When I saw her yesterday, looking so lost and frightened, I did what I normally wouldn’t do. Do Kyungsoo would have brought her to the dorm master and explained that she got lost and accidentally came here and see her off.
Not take her to his place and give her food and shelter.
That night, I couldn’t sleep. I stayed awake in my bed, staring at the ceiling, until my eyes watered and I had to blink. (It was a record of fifty eight seconds, by the way.) I kept wondering why I had done it. I always reflected on my actions, and somehow, I couldn’t place the finger on the reason why I had suddenly took her in, so uncharacteristically of myself.
It’s not that I hate girls, but I try to avoid them in school. Girls love drama and I hate drama. I should know that.

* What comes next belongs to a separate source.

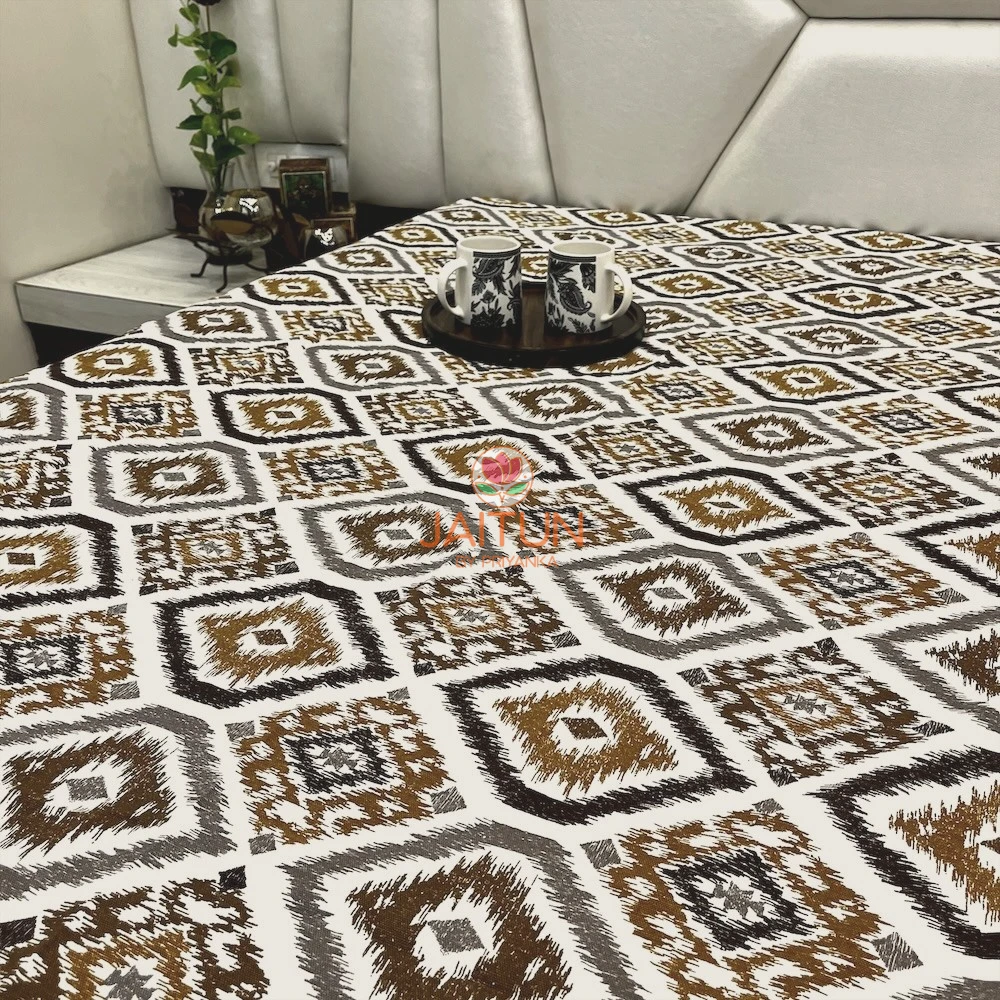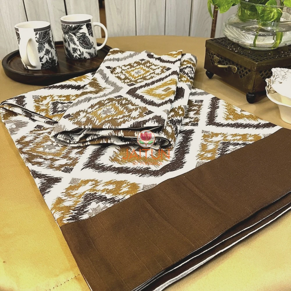 Make a stunning statement with the Kalahari Ikat Geometric Bed sheet Set. Inspired by traditional weaving techniques, this design features a dynamic, large-scale ikat pattern that brings energy and a touch of global sophistication to your space. The rich, earthy palette—a blend of warm caramel, deep espresso brown, and subtle slate grey on a crisp white canvas—creates a visually captivating look that is both modern and rustic.

In primary school, I had the misfortune of being picked as a girl’s partner for a project work. The experience scarred me for life.
“Oh, Kyungsoo, don’t you know you’re so cute when you smile!” “Kyungsoo, you’re so cute, don’t you know!”
Her fat fingers pinching my cheeks enthusiastically and her friends all joining in to coo over how “cute” I was is a feeling I would go through hell to never experience again.
Nevertheless to say, from then onwards, my default face became blank. I never liked smiling, not if I can help it, unless I’m truly happy.
Let me stress this- I am not cute. I can be handsome, good-looking, charismatic, cool, but not cute.